=== Begin Enclosure ===
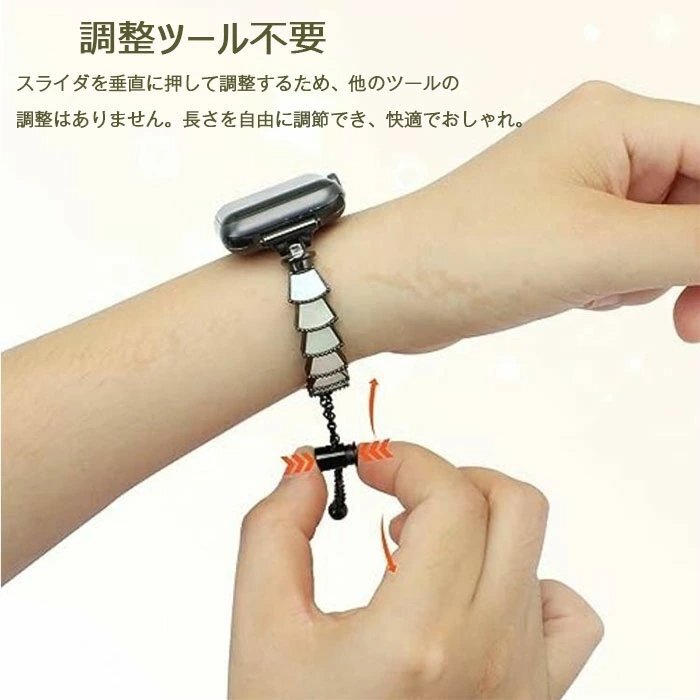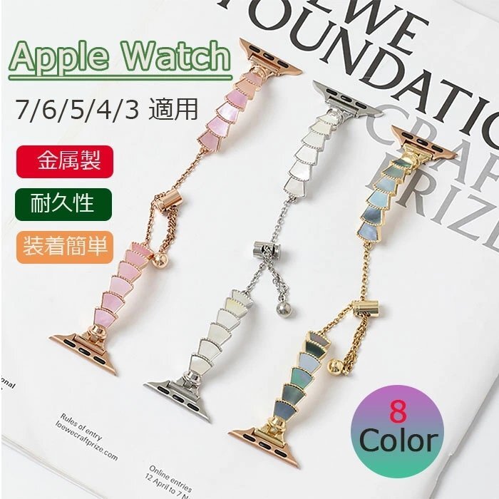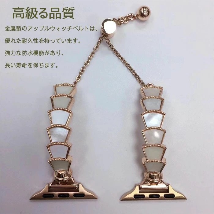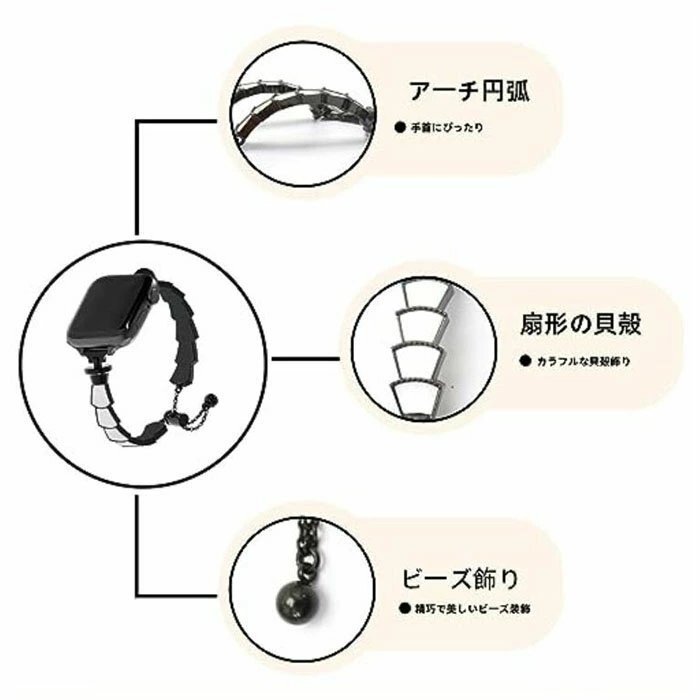 【デザイン】:このアップルウォッチバンドはキールの形をしており、ホタテ貝のアクセサリーが施されています。 エンド部分はスライド式のチェーンとビーズでできており、手首をより細くかわいく見せてくれます。
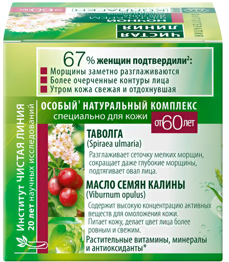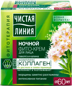 Крем для лица Чистая Линия Таволга и калина от 60 лет ночной (45мл); Действие: увлажняющее, выравнивание тона, антивозрастной уход, лифтинг, придание сияния, освежающее; Тип кожи: возрастная; Пол: для женщин; Возраст: 60+; Время применения: ночное; Коллекция: Фитоколлаген (Чистая линия); Объём: 45 мл
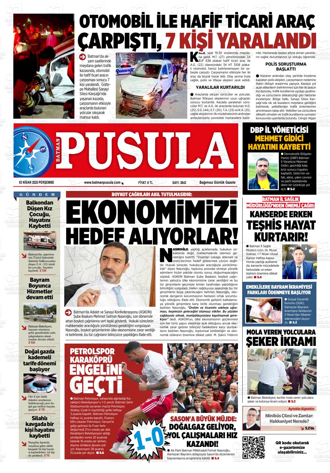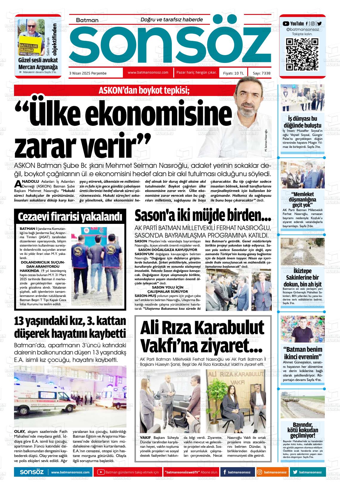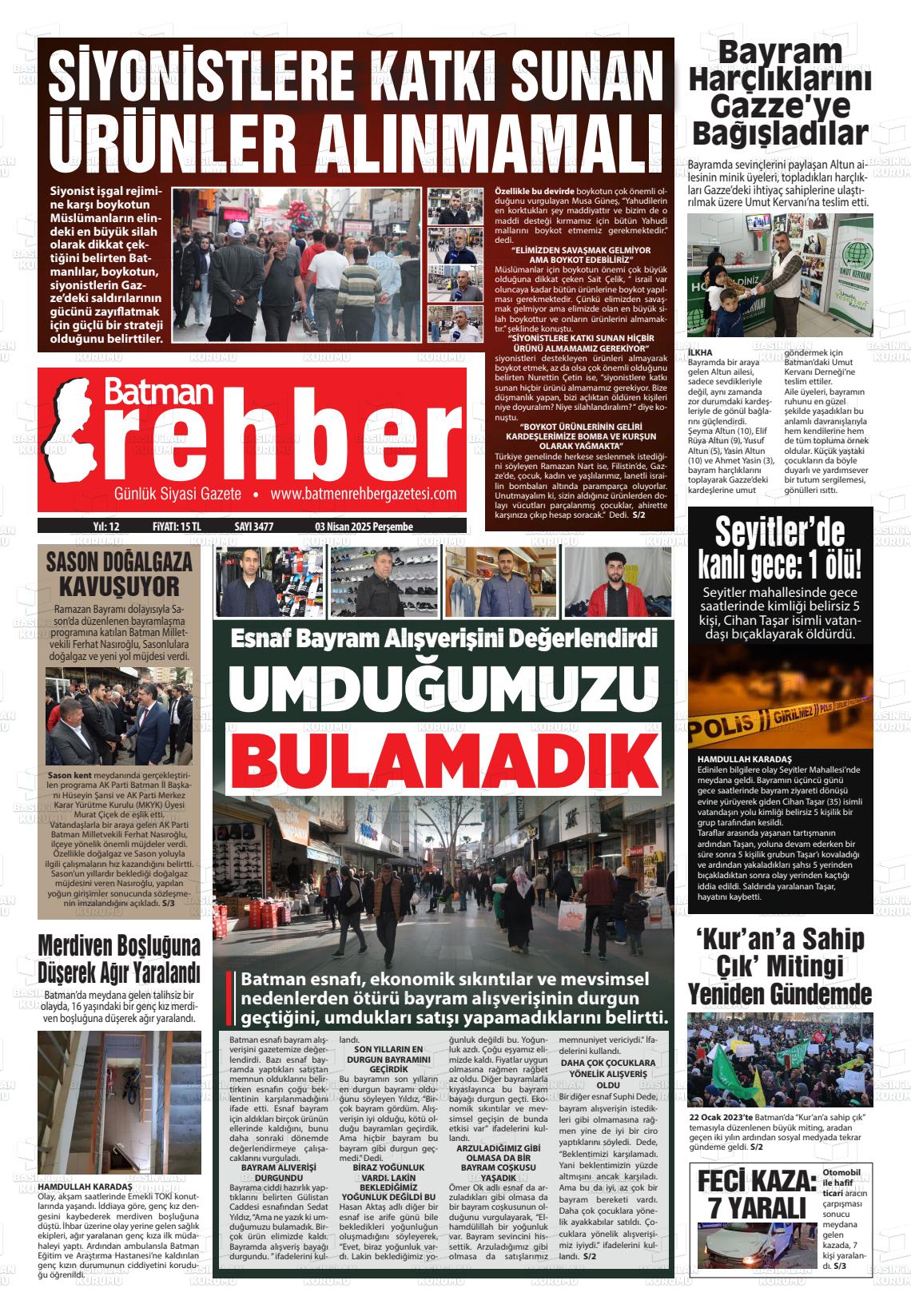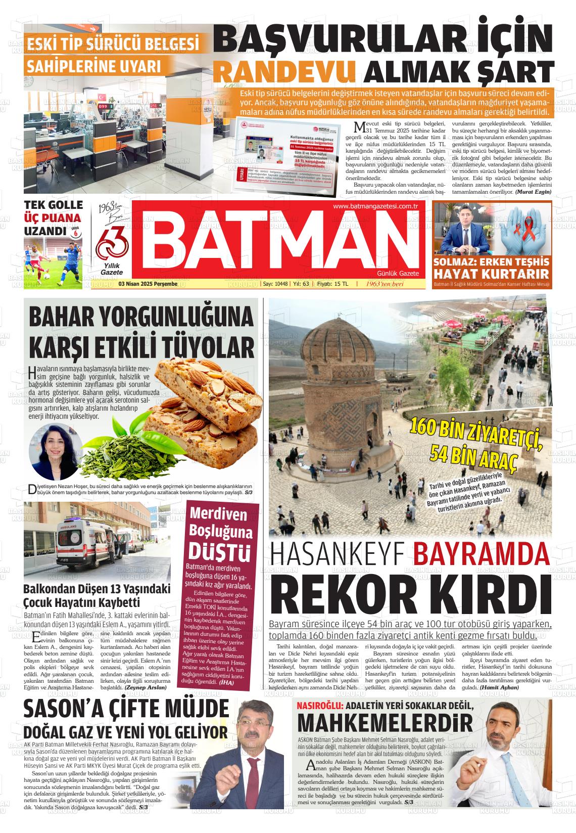 Batman Yerel Gazeteleri 03 Mart 2026, Salı Günü Manşeti
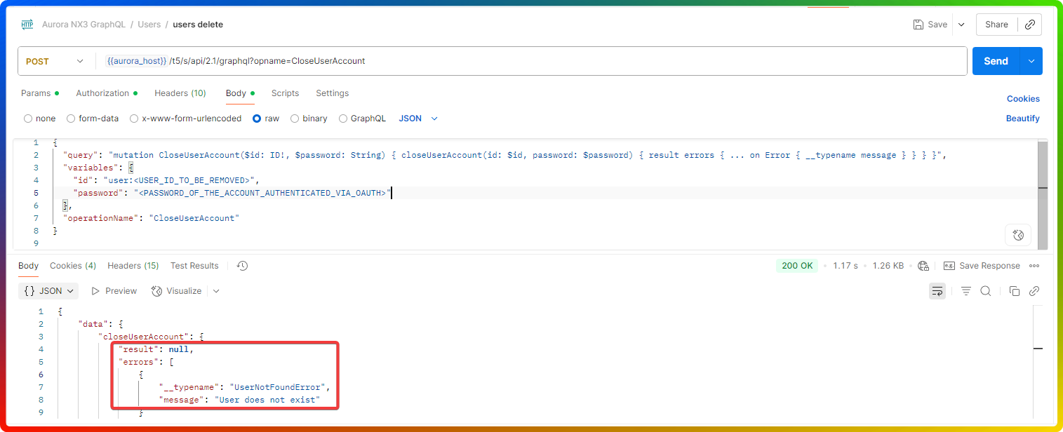 - Execute the CloseUserAccount mutation and check the result. A successful operation will return true; otherwise, check for errors in the response.
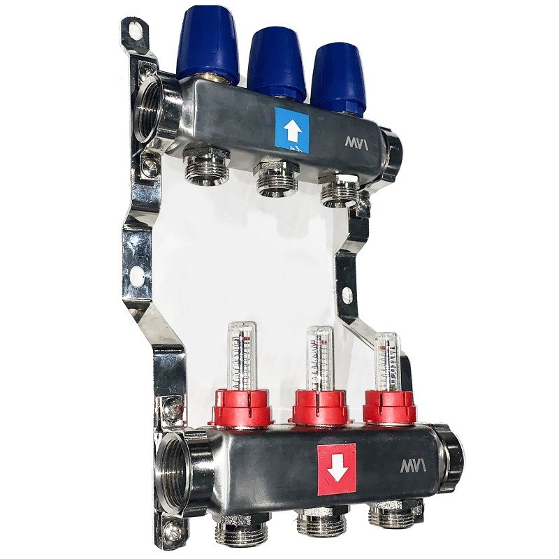 Коллекторные блоки MVI предназначены для распределения потока рабочей среды систем водяного отопления по потребителям. При этом под «потребителем» понимается отдельный нагревательный прибор или группа приборов, контур или петля «теплого пола», отдельные части или ветви системы. Коллекторный блок объединяет в себе подающий и обратный коллекторы из нержавеющей стали, ручные настроечные клапаны c расходомерами, термостатические клапаны с возможностью установки электротермического сервопривода и крепежные кронштейны. Коллекторные блоки могут работать как на водяном, так и низкозамерзающем гликолевом теплоносителе. Коллекторные блоки выпускаются с количеством выходов от 2 до 12. Присоединение циркуляционных петель осуществляется с помощью фитингов стандарта «евроконус» 3/4 НР.
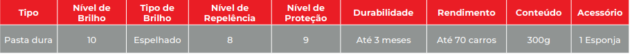 Cera totalmente sintética, desenvolvida especialmente para tons escuros como preto, chumbo, cinza, marrom, vermelho e azul. Proporciona brilho espelhado intenso, realçando a cor original da pintura, com proteção UVA/UVB e repelência à água e sujeira.
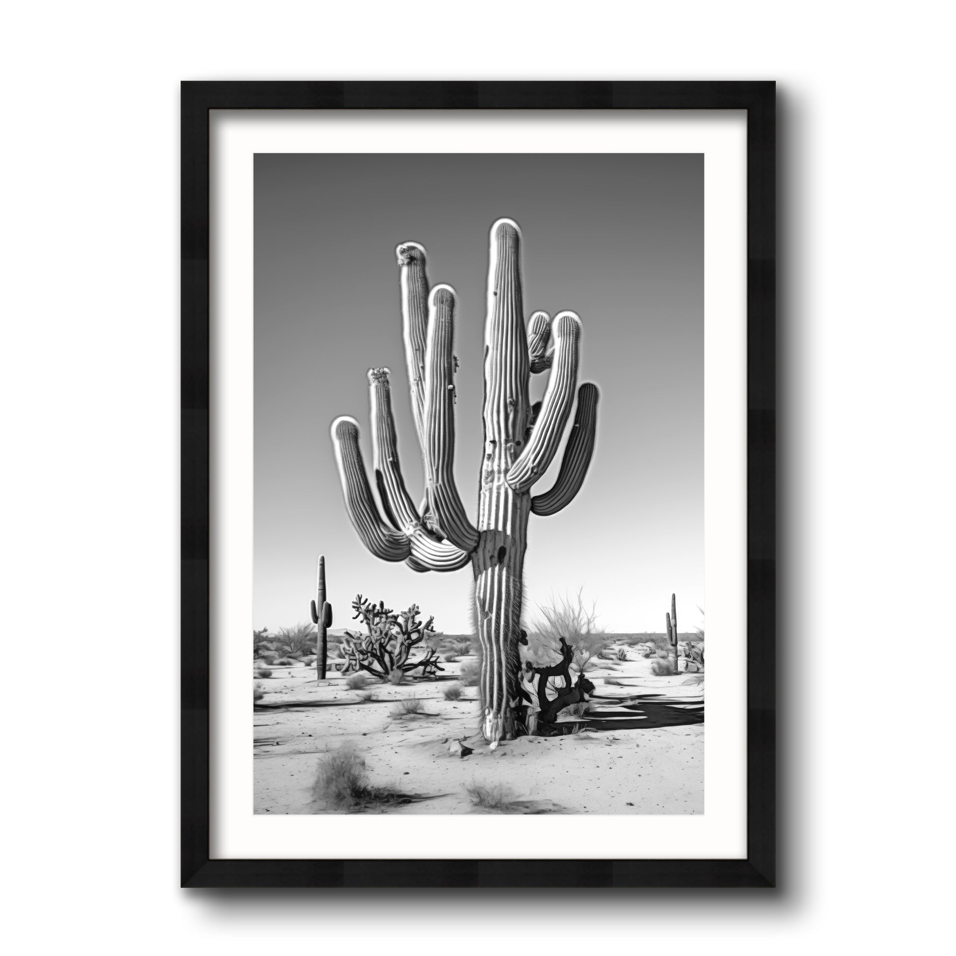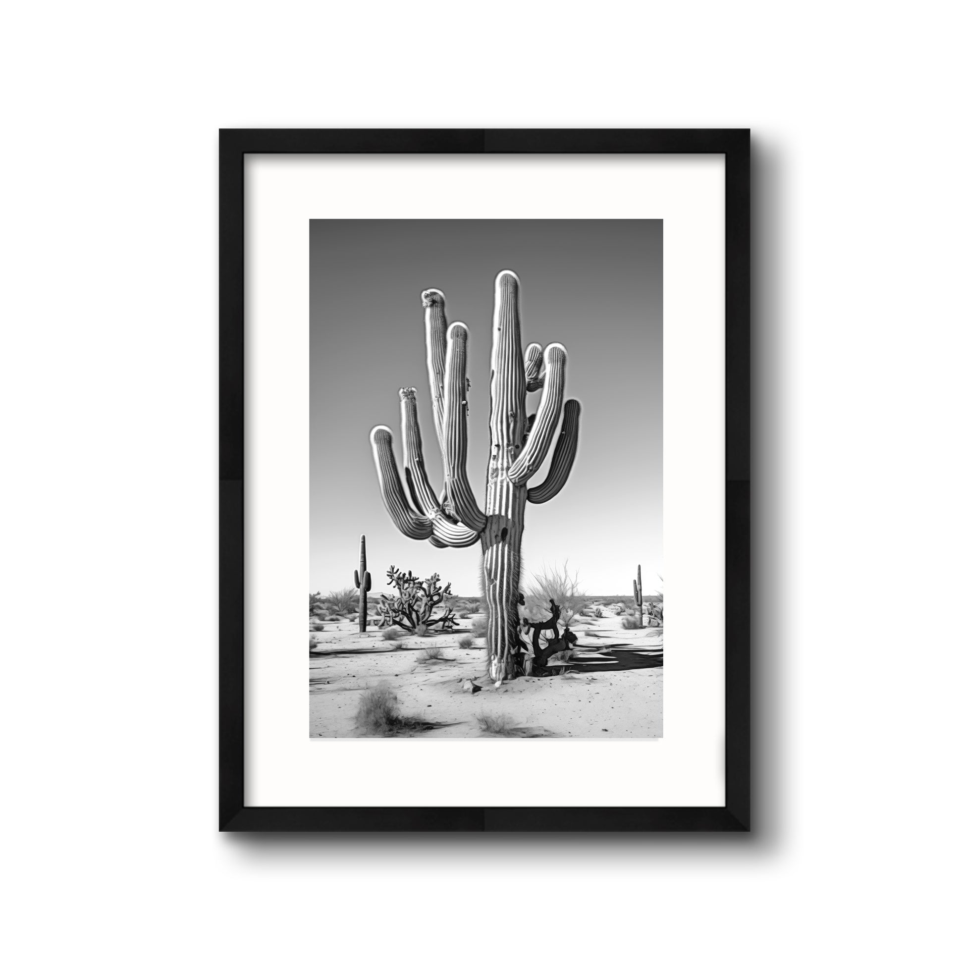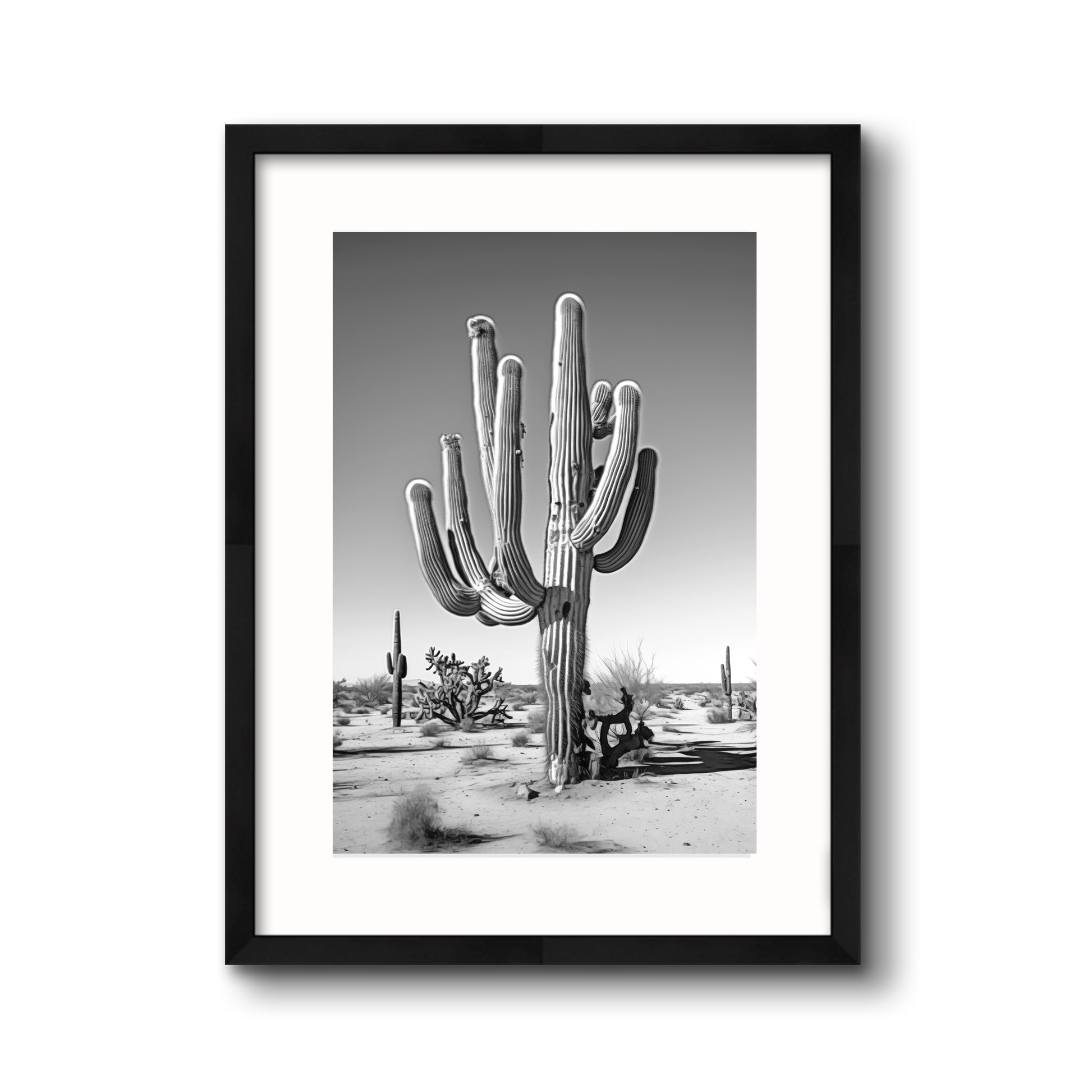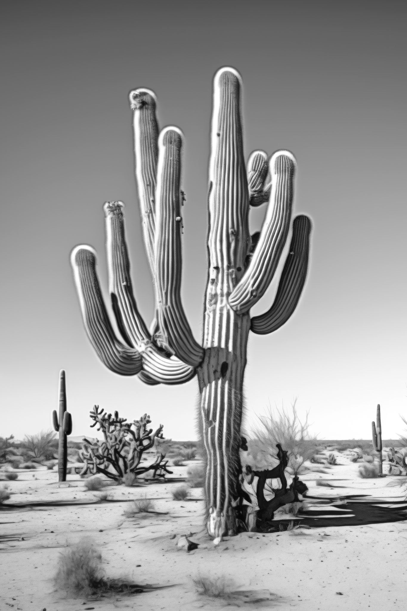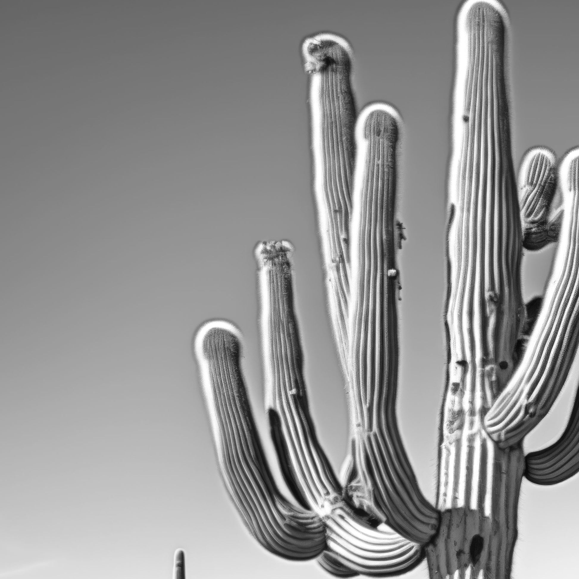 Black & White Photograph of a saguaro cactus in the Arizona desert.
=== End Enclosure ===
• **Assignment**:
Skip the pictures. Please copy exactly the lines from the one with "- Execute the" through the final line of the material above, both ends included.

• **Result for this exercise**:
 - Execute the CloseUserAccount mutation and check the result. A successful operation will return true; otherwise, check for errors in the response.
 Коллекторные блоки MVI предназначены для распределения потока рабочей среды систем водяного отопления по потребителям. При этом под «потребителем» понимается отдельный нагревательный прибор или группа приборов, контур или петля «теплого пола», отдельные части или ветви системы. Коллекторный блок объединяет в себе подающий и обратный коллекторы из нержавеющей стали, ручные настроечные клапаны c расходомерами, термостатические клапаны с возможностью установки электротермического сервопривода и крепежные кронштейны. Коллекторные блоки могут работать как на водяном, так и низкозамерзающем гликолевом теплоносителе. Коллекторные блоки выпускаются с количеством выходов от 2 до 12. Присоединение циркуляционных петель осуществляется с помощью фитингов стандарта «евроконус» 3/4 НР.
 Cera totalmente sintética, desenvolvida especialmente para tons escuros como preto, chumbo, cinza, marrom, vermelho e azul. Proporciona brilho espelhado intenso, realçando a cor original da pintura, com proteção UVA/UVB e repelência à água e sujeira.
 Black & White Photograph of a saguaro cactus in the Arizona desert.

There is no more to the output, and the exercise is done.